By Rabbi Daniel Sayani

Yom HaAtzmaut feels different this year.

It still brings music, flags, Hallel, and gratitude. It still marks one of the great miracles of Jewish history. The Jewish people returned to sovereignty in their ancient homeland after exile, persecution, and dispersion. That fact should never feel ordinary. It should still take our breath away.

At the same time, many Jews are celebrating with fuller hearts and heavier minds. Israel’s recent ceasefire reality has not brought total calm to the region. Tensions remain. News cycles still move quickly. American politics also keep shifting. Yet none of that should weaken our clarity. Israel is not just a headline. Israel is a living home for the Jewish people.

For those of us in New York, Yom HaAtzmaut is never only about a country far away. It is also about who we are here. New York is home to one of the largest Jewish communities in the world outside Israel. According to the 2023 Jewish Community Study of New York, the eight county New York area includes about 736,000 Jewish households and roughly 1.372 million Jewish adults and children. The same study found that Brooklyn is home to about 462,000 Jews and Queens to about 150,000. Those numbers matter. They remind us that Jewish life in New York is not a side story. It is one of the main chapters of Jewish history right now.

That matters in Queens. It matters in Brooklyn. It matters in every synagogue, school, kosher market, and Shabbat table where people ask what Jewish pride should look like in 2026.

My answer is simple. Jewish pride should look calm, confident, rooted, and joyful.
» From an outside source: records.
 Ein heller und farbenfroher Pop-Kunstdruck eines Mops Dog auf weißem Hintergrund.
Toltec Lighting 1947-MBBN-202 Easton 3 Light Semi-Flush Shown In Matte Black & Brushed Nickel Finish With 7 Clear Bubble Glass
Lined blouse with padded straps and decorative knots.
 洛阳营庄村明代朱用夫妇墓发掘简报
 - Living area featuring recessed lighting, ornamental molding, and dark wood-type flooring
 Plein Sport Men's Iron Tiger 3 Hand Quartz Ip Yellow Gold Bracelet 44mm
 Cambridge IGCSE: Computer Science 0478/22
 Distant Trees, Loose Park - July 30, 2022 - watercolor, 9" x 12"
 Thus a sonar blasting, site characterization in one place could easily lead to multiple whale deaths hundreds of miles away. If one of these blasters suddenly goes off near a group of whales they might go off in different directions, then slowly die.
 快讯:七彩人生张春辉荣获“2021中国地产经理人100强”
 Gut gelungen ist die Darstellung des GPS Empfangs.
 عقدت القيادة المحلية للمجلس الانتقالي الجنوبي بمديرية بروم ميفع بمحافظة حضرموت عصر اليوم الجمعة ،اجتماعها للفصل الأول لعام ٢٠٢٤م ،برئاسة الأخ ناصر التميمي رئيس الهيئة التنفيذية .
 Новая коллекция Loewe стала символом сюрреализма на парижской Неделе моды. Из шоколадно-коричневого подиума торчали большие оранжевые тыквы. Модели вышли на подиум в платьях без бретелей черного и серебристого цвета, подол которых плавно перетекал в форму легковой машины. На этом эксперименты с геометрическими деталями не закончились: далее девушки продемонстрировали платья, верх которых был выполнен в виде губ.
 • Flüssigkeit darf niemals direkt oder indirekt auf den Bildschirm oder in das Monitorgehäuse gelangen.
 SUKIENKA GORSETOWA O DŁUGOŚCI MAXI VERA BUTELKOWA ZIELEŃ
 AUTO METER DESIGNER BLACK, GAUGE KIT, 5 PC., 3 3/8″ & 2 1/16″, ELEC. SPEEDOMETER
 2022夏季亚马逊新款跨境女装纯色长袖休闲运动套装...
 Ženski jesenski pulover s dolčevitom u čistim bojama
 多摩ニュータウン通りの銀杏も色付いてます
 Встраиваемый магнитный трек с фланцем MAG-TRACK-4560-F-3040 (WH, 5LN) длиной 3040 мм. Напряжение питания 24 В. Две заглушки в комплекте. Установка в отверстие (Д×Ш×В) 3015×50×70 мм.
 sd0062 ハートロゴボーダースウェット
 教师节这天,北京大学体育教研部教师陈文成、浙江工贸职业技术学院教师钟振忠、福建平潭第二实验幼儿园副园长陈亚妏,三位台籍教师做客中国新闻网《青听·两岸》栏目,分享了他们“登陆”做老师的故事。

Too often, people assume that pride must sound loud and defensive. I disagree. Real pride does not panic. Real pride builds. It teaches children to sing Israeli songs. It puts an extra chair at the table for a new family in the neighborhood. It gives tzedakah with intention. It learns Tanach, Jewish history, and modern Hebrew not because we are under pressure, but because these things are ours.

That is one of the gifts of Yom HaAtzmaut. It reminds us that Jewish survival is not the end of the story. Jewish flourishing is the story.

New York Jews understand this deeply. The same city that hosts rallies, protests, and difficult political forums also hosts some of the strongest Jewish institutions anywhere in the world. We see tension in public life. We also see resilience in private and communal life. We see schools full of students, batei midrash full of learning, and families who keep choosing Jewish life with love and seriousness.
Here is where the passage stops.